Published Mar 24, 2026 | 12:20 PM ⚊ Updated Mar 24, 2026 | 12:20 PM
Representational image. Credit: iStock
Synopsis: India’s drug regulator has launched a nationwide crackdown after generic semaglutide flooded the market post‑patent expiry, slashing prices. Audits at 49 entities exposed prescription‑free sales through pharmacies, online platforms, and slimming clinics. The ministry warned of strict penalties, stressing GLP‑1 drugs require specialist oversight. Regulators fear misuse, surrogate advertising, and health risks could undermine safe, legitimate access.
Just days after generic semaglutide flooded the Indian market at a fraction of its original price, the country’s drug regulator has moved swiftly to signal that cheap does not mean unregulated.
On 24 March, the Ministry of Health and Family Welfare confirmed that the Drugs Controller of India, in collaboration with state regulators, has intensified surveillance across the GLP-1 supply chain.
The action follows concerns that generic weight loss drugs are being sold without prescriptions through retail pharmacies, online platforms, wholesalers, and wellness clinics, channels where medical supervision is often minimal or absent entirely.
The crackdown is already operational. In recent weeks, audits and inspections were conducted at 49 entities spanning online pharmacy warehouses, drug wholesalers, retailers, and slimming clinics across multiple regions.
The ministry was direct in its warning: “Notices have also been sent to defaulting entities,” and “regulatory surveillance will continue to be intensified in the coming weeks and non-compliances will be dealt strictly with actions including cancellation of licenses, penalties, and prosecution under applicable laws.”
The timing is not coincidental. On 21 March, the day semaglutide’s Indian patent expired, at least six domestic companies including Dr Reddy’s, Sun Pharma, Zydus Lifesciences, Glenmark, Alkem, and Natco launched generic versions. Monthly costs fell from ₹8,800-₹10,850 to as low as ₹1,300 for vial-based formats. More than 40 companies are preparing over 50 brands in total, and prices are expected to fall further.
That kind of market saturation, arriving almost overnight, creates conditions that regulators find difficult to manage. When a drug is expensive, access itself acts as a filter. When it becomes cheap, the filter disappears — and with it, often, the medical supervision that should accompany use.

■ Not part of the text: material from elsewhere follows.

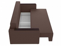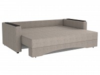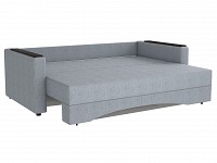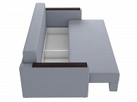 Подколотники с накладками можно использовать в качестве столишниц, а с помощью приспинных подушек — регулировать глубину посадки. Механизм трансформации легко превращает диван в полноценное спальное место и подходит для ежедневного сна. Специальная пристенная планка добавляет модели прочности и защищает стену от потертостей.

The ministry was explicit about who can legally prescribe these drugs. “The drug has been approved in India with condition of prescription by endocrinologists and internal medicine specialists and for some indications by cardiologists only,” it said in its 24 March statement.
General physicians are not on that list, a significant restriction in a country where specialist access is concentrated in urban centres and is often expensive in its own right.
The ministry also left no ambiguity about its core concern. “Patient safety remains paramount,” it said. “The misuse of weight loss drugs without clinical oversight can lead to severe health complications. Citizens are advised to use such medications only under the guidance of qualified medical practitioners.”
Surrogate advertising problem
A comprehensive advisory issued on 10 March had already put manufacturers on notice. The regulator had explicitly prohibited “surrogate advertisements and any form of indirect promotion that could mislead consumers or encourage off-label usage,” the ministry confirmed.
The concern is that wellness clinics and online platforms, eager to capitalise on the sudden affordability of these drugs, could promote them as cosmetic weight loss solutions rather than prescription medicines with defined clinical indications.
This is not a hypothetical risk. In markets where GLP-1 drugs became widely available, off-label use for cosmetic weight loss — in people who do not meet clinical criteria — became common. The drugs carry real side effects including nausea, vomiting, and gastrointestinal complications. Used without supervision, dose escalation can be mismanaged, side effects can go unmonitored, and patients with contraindications may not be screened out.
Access without oversight isn’t equivalent to access
India has 10 crore adults with diabetes and an estimated 25 crore with obesity. The potential patient pool for GLP-1 drugs is enormous, and the price collapse is genuinely significant for public health. But the regulator’s intervention points to a tension that will define how this market develops.
Cheap drugs reaching patients through informal channels, wellness clinics, online pharmacies, local chemists — without endocrinologist oversight is not the access story that public health advocates have in mind. It is a different story, one with a higher risk of misuse, adverse events, and eventual regulatory backlash that could slow the very expansion in legitimate access that the patent expiry was supposed to enable.
The 49 entities inspected so far represent an early warning shot. As the ministry put it, “concerns have emerged regarding on-demand availability through retail pharmacies, online platforms, wholesalers, and wellness clinics.”
For patients, the message is straightforward: GLP-1 drugs are prescription medicines, not wellness supplements. The fact that a monthly supply now costs less than a restaurant meal does not change the clinical requirements around their use.
For the Indian healthcare system, the harder question remains unanswered. If these drugs must be prescribed by endocrinologists, and India has a severe shortage of endocrinologists outside major cities, then the promise of cheap, accessible treatment for crores of patients may be considerably narrower in practice than the price tag suggests.